“Vento dall’est di Chiara Albertini”

“Vento dall’est di Chiara Albertini”

Recensione di Liliana Sghettini

tmp_29707-519-fzd7rVL-1767848772

 

I verdi fili d’erba le accarezzavano le gambe nude. Lei li sentiva. Sentiva sulla sua pelle il fresco della rugiada. E sentiva il vento. In quella folle, ostinata corsa, lo sentiva.

Lo sentiva sul suo volto, lo sentiva insinuarsi fra i capelli, lo sentiva mentre con forza premeva sul suo corpo il sottile tessuto di cotone di quel vestito tanto amato. Un ricordo di sua madre.”

Tutto ebbe inizio così, nella folle e disperata corsa di Tracy, una giovane donna, sulla più alta scogliera dei luoghi d’Irlanda.

Cercava pace, quella pace che fin da bambina non aveva avuto e che la morte di sua madre Lucy, aveva resa ancor più lontana.

Tracy correva per cercare un rifugio sicuro che la allontanasse dai suoi aguzzini. La vita condotta fino ad allora e i ricordi del passato la tormentavano non lasciandole scampo.
Ma forse il vento dell’est stava portando con sé importanti novità…….

“Vento dall’est
che accarezzi monti e vallate,
ascoltando dolci eventi
o tragedie annunciate.
Vento dall’est
che assisti alle nostre vicende
scoprendo storie
a volte allegre, altre tremende.
Vento dall’est
ti prego
rinfranca gli umani dolori
spesso affidati a falsi valori.
Vento dall’est
ti sento
ti ascolto,
passa veloce
e accarezza
anche il mio volto.”

Lggendo i primi passi del romanzo “Vento dall’est” di Chiara Albertini, Streetlib Edizioni, ho composto questi versi immaginando gli ultimi tragici pensieri della povera Tracy prima di sporgersi dalla scogliera.
D’improvviso una voce la chiama ma lei non la riconosce, pensa addirittura di immaginarla. In realtà c’è qualcuno con lei mentre sta per compiere l’estremo gesto. È un uomo dalla voce soave che la convince a non farlo e la porta al sicuro.
Si chiama Ben e con lui trascorrerà i primi momenti sereni della sua vita in una città di nome Doolin poco distante dai suoi luoghi di nascita e dalla casa paterna.
Ben è gentile e amorevole, profondo nei pensieri e attento nei gesti, Tracy non è abituata a tante attenzioni da parte di un uomo…
Con lui riesce a confidarsi e a raccontare della sua più grande passione, la scrittura.
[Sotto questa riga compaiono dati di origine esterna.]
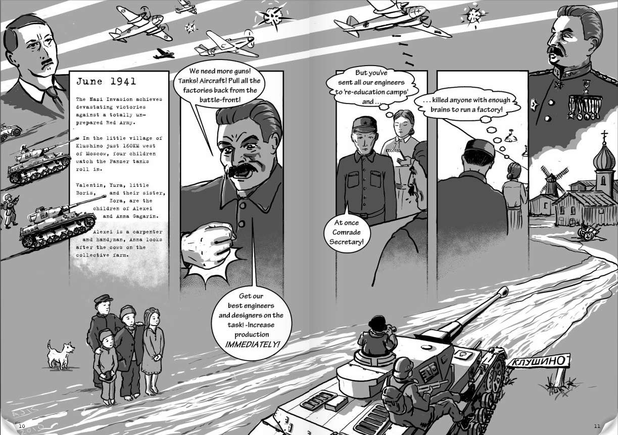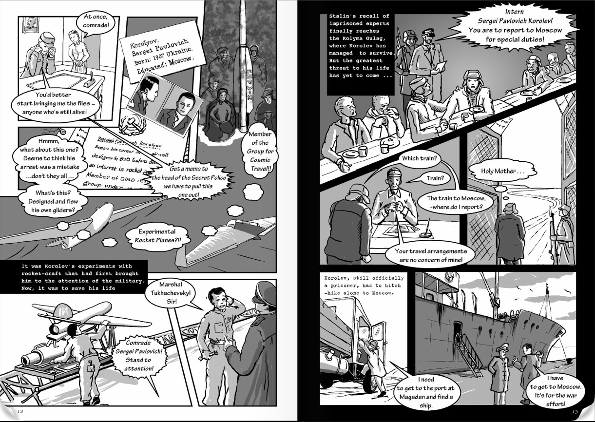 Помимо Гагарина, в комиксе идет речь о Сергее Королеве. Он спроектировал пилотируемый космический корабль «Восток-1», на котором Гагарин облетел Землю. Конструктор в 1938 году был арестован по обвинению во вредительстве, а затем шесть лет провел в лагерях. Повествование в комиксе начинается с момента ареста.
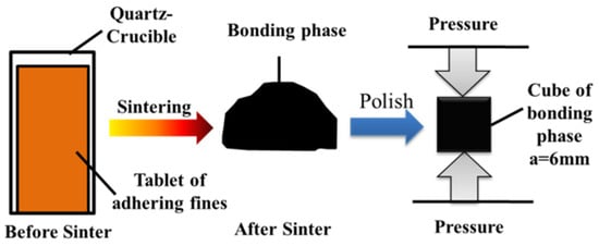 Adhering fines to the strength of the sinter tests (about 2.4 g) were shaped into a cylindrical tablet (φ 8 mm × h 20 mm) under a pressure of 15 MPa for approximately 2 min, then sintered in micro-sinter equipment. The equipment, the temperature, and the atmosphere were like those in the strength of the sinter tests. After sintering, the bonding phase was polished into a cube (a = 6 mm), and then the compressive strength of the bonding phase was measured by a compressive strength tester. Figure 6 shows the schematic illustration of the strength of the bonding phase. Compressive Strength (CS) was adopted to characterize the strength of the bonding phase, which was the combined strength of the mineral components and pores in the bonding phase [41].
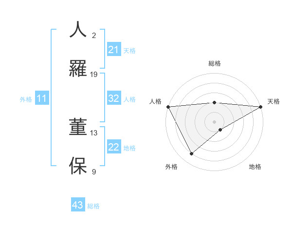 人羅 董保さんの総格は43画の2点!
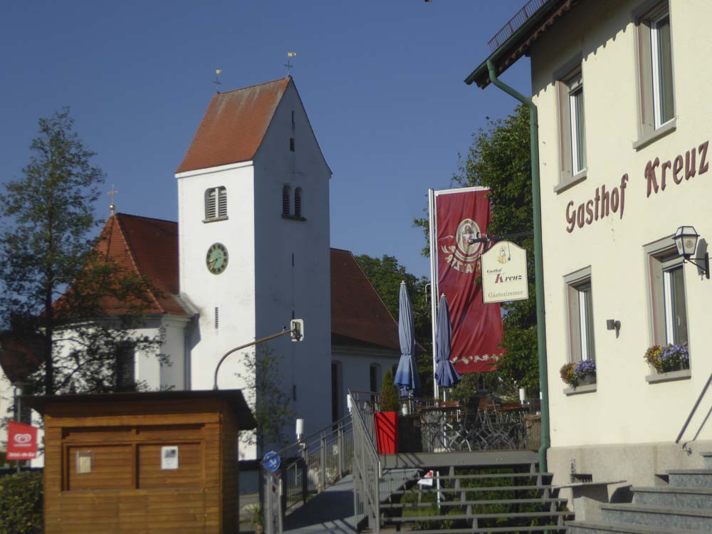 Entsprechend ist auch die Hotelsituation. Vieles ist ausgebucht, anderes so unverschämt teuer, dass wir ĂĽberhaupt keine Lust haben. Lindau haken wir mal ganz schnell ab, fahren aufs Land. Gasthaus eins und zwei sind ausgebucht, in einem völlig unscheinbaren Laden namens „Kreuz“ kriegen wir fĂĽr 90 Euro ein höchst mittelmässiges Zimmer im dritten Stock. Mit FrĂĽhstĂĽck. DafĂĽr ist das Abendessen auf der Biergarten genannten Terrasse saumässig. Und natĂĽrlich geht das wlan auch nicht. Juan ist so gefrustet, dass er tatsächlich noch einmal losfährt, um bei Lidl einen Prinzenrolle einzukaufen. FĂĽr den Fall, dass er noch Hunger bekommt…

Riesce anche a parlare del suo più atroce dolore, quello che l’ha portata sulla scogliera il giorno del loro incontro.

Anche Ben fa lo stesso perché sta bene con Tracy e in risposta ad una sua domanda dice:” Sì”. I miei genitori non ci sono più. Sono morti in mare, quando ero piccolo… un incidente… di cui mio zio ancora si incolpa.”

Ha inizio l’interessante vicenda di Ben e Tracy, due giovani con tutta la vita davanti, seppur già segnata da profondi dolori. Ha inizio un racconto passionale dai tratti psicologi sulle umane vicende.

Un romanzo di introspezione che mette a nudo pensieri ed emozioni dei protagonisti regalando talvolta attimi di serenità e struggente dolore.

Si perché Chiara Albertini racconta, con uno stile dettagliato, poetico e accattivante, non solo quanto accade ai personaggi della storia ma anche ciò che potrebbe accadere a ciascuno di noi dinanzi alle difficoltà dispensate dalla vita.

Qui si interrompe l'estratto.